The U.S. Supreme Court recently agreed to hear a case that could significantly affect access to business information provided to the federal government that is otherwise kept confidential: Food Mktg. Inst. v. Argus Leader Media, No. 18-481. It would mark the first time that the Court has interpreted Exemption 4 of the Freedom of Information Act (“FOIA”), 5 U.S.C. § 552(b)(4), which shields from public disclosure “matters that are . . . trade secrets and commercial or financial information obtained from a person and privileged or confidential.” 5 U.S.C. § 552(b)(4) (emphasis added).
The underlying dispute arose when a South Dakota newspaper requested various data concerning the Supplemental Nutrition Assistance Program (“SNAP”), formerly known as the food stamp program, from the U.S. Department of Agriculture (“USDA”). While the USDA releases monthly SNAP usage data on national, state, and congressional-district bases, it refused to provide the newspaper with usage data on an individual-store basis under Exemption 4. The newspaper sued the agency under FOIA and prevailed at trial.
The Eighth Circuit affirmed, ruling that the USDA had failed to show that the data were “confidential” under Exemption 4. The court applied a test first articulated in Nat’l Parks & Conservation Ass’n v. Morton, 498 F.2d 765 (D.C. Cir. 1974), under which the agency had to show that “releasing the data was likely (1) to impair the Government’s ability to obtain necessary information in the future; or (2) to cause substantial harm to the competitive position of the person from whom the information was obtained.” Argus Leader Media v. U.S. Dep’t of Agric., 889 F.3d 914, 915 (8th Cir. 2018) (emphasis added) (internal quotation marks omitted). The court concluded that while store-level SNAP data is closely-guarded by retailers, the evidence did not satisfy National Parks:
“The trial evidence showed that the grocery industry is highly competitive, but is already rich with publically-available data that market participants (and prospective market entrants) use to model their competitors’ sales. The evidence shows that releasing the contested data is likely to make these statistical models marginally more accurate. But the evidence does not support a finding that this marginal improvement in accuracy is likely to cause substantial competitive harm. . . . A likelihood of commercial usefulness – without more – is not the same as a likelihood of substantial competitive harm.”

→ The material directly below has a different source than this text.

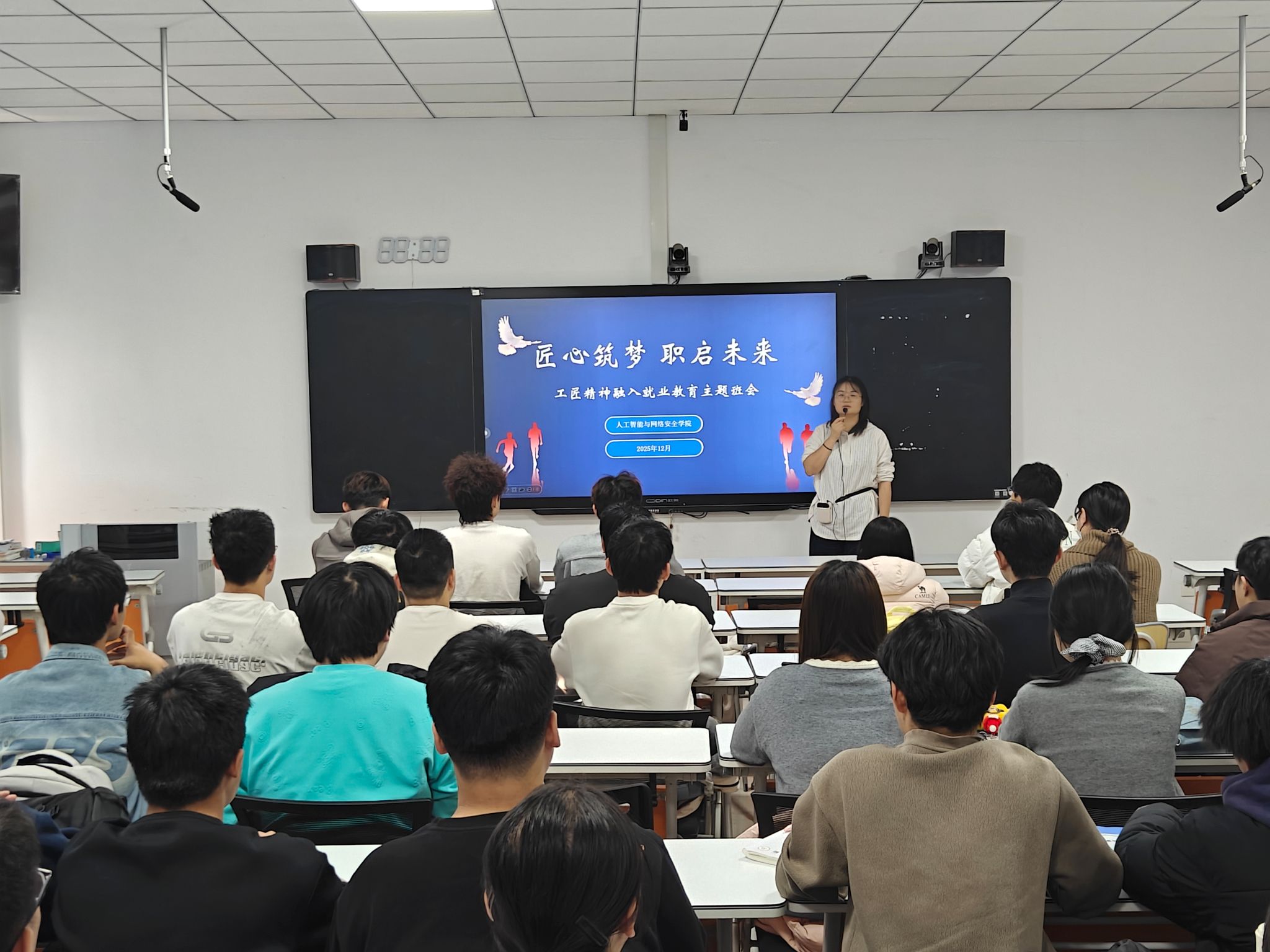 为深化就业教育工作,引导学生树立正确的职业价值观,12月24日,人工智能与网络安全学院组织各班级开展了“匠心筑梦 职引未来——工匠精神融入就业教育”主题班会活动。班会围绕新时代工匠精神的内涵,结合专业特色与就业形势,激励学生专注技能、追求卓越,为未来职业发展奠定坚实基础。

Id. at 916-917 (emphasis in original). The Eighth Circuit refused to follow the dictionary definition of “confidential” (i.e., “secret”), fearing that such a test “would swallow FOIA nearly whole,” and contradict the well-established rule that “FOIA exemptions must be narrowly construed.” Id. at 916 n. 4 (internal quotation marks omitted). Accord: Milner v. Dep’t of the Navy, 562 U.S. 562, 565 (2011).
This fight over the meaning of “confidential” in § 552(b)(4) has now reached the Supreme Court. In seeking review, the petitioner (an association of retail grocery stores) argued that the “substantial harm” test is “atextual,” and relies on a “selective reading of legislative history” instead of the plain meaning of “confidential.” Petition for a Writ of Certiorari, Food Mktg. Inst. v. Argus Leader Media, No. 18-481 (2018), pp. 3, 8. In response, the newspaper argued that the Court should not “blindly interpret statutes based on bare dictionary definitions divorced from context,” and that the petitioner’s interpretation of the term is “overly broad, unworkable, and inconsistent with the structure and purposes of FOIA.” Brief in Opposition, Food Mktg. Inst. v. Argus Leader Media, No. 18-481 (2018), pp. 12, 33.
The Supreme Court granted certiorari on January 11, 2019, and will hear the case in the coming months. If the Court rejects the “substantial harm” test of National Parks and instead applies a dictionary definition of “confidential,” then the scope of Exemption 4 could expand dramatically. Whatever the result, a decision should provide important insight into the Justices’ theories of statutory interpretation under FOIA, and how they balance the interests of companies who must provide sensitive information to federal agencies – by law or business necessity – against the public’s right to monitor the business of their government.